--- Problem to work on ---
The material below should be copied line for line, please, with pictures omitted.

--- Material provided ---
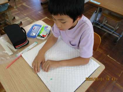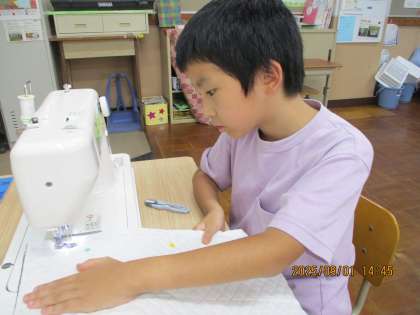 家庭科の学習でトートバッグ作りに取り組んでいます。昨年学習したミシンの使い方を思い出しながら、布に印を付け、ミシンで縫いました。慎重に縫い進めながら、真っすぐ縫うことができました。
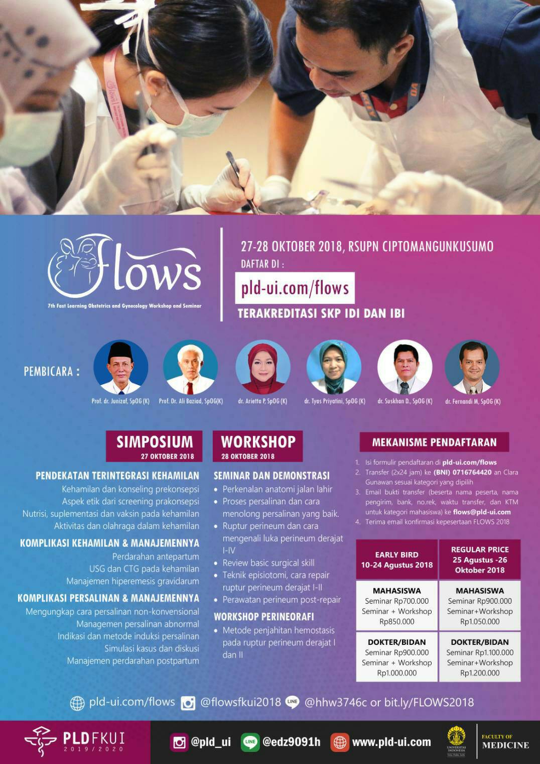 Panitia Lulusan Dokter Universitas Indonesia berkolaborasi dengan Departemen Obstetri dan Ginekologi FKUI-RSCM dengan bangga mempersembahkan FLOWS 2018 (Fast Learning Obstetrics and Gynaecology Workhshop and Seminar)
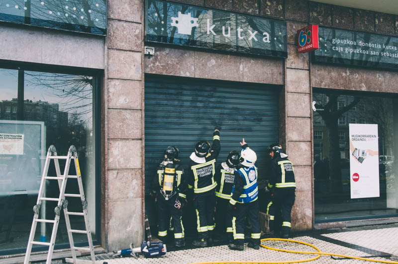 Guardia Municipal y una dotación de bomberos con dos vehículos han participado en el control del pequeño fuego que se ha producido en el interior de los cajeros de Kutxa situados en un local entre las calles Felipe IV e Isabel II de Amara Berri. Si bien el local estaba cerrado y los bomberos han tenido que elevar la persiana para entrar, alguien había logrado introducir antes unos cartones a los que prendió fuego. Hecho que ya ha pasado con anterioridad en este mismo local, según han informado los bomberos.

--- Reply to the exercise ---
 家庭科の学習でトートバッグ作りに取り組んでいます。昨年学習したミシンの使い方を思い出しながら、布に印を付け、ミシンで縫いました。慎重に縫い進めながら、真っすぐ縫うことができました。
 Panitia Lulusan Dokter Universitas Indonesia berkolaborasi dengan Departemen Obstetri dan Ginekologi FKUI-RSCM dengan bangga mempersembahkan FLOWS 2018 (Fast Learning Obstetrics and Gynaecology Workhshop and Seminar)
 Guardia Municipal y una dotación de bomberos con dos vehículos han participado en el control del pequeño fuego que se ha producido en el interior de los cajeros de Kutxa situados en un local entre las calles Felipe IV e Isabel II de Amara Berri. Si bien el local estaba cerrado y los bomberos han tenido que elevar la persiana para entrar, alguien había logrado introducir antes unos cartones a los que prendió fuego. Hecho que ya ha pasado con anterioridad en este mismo local, según han informado los bomberos.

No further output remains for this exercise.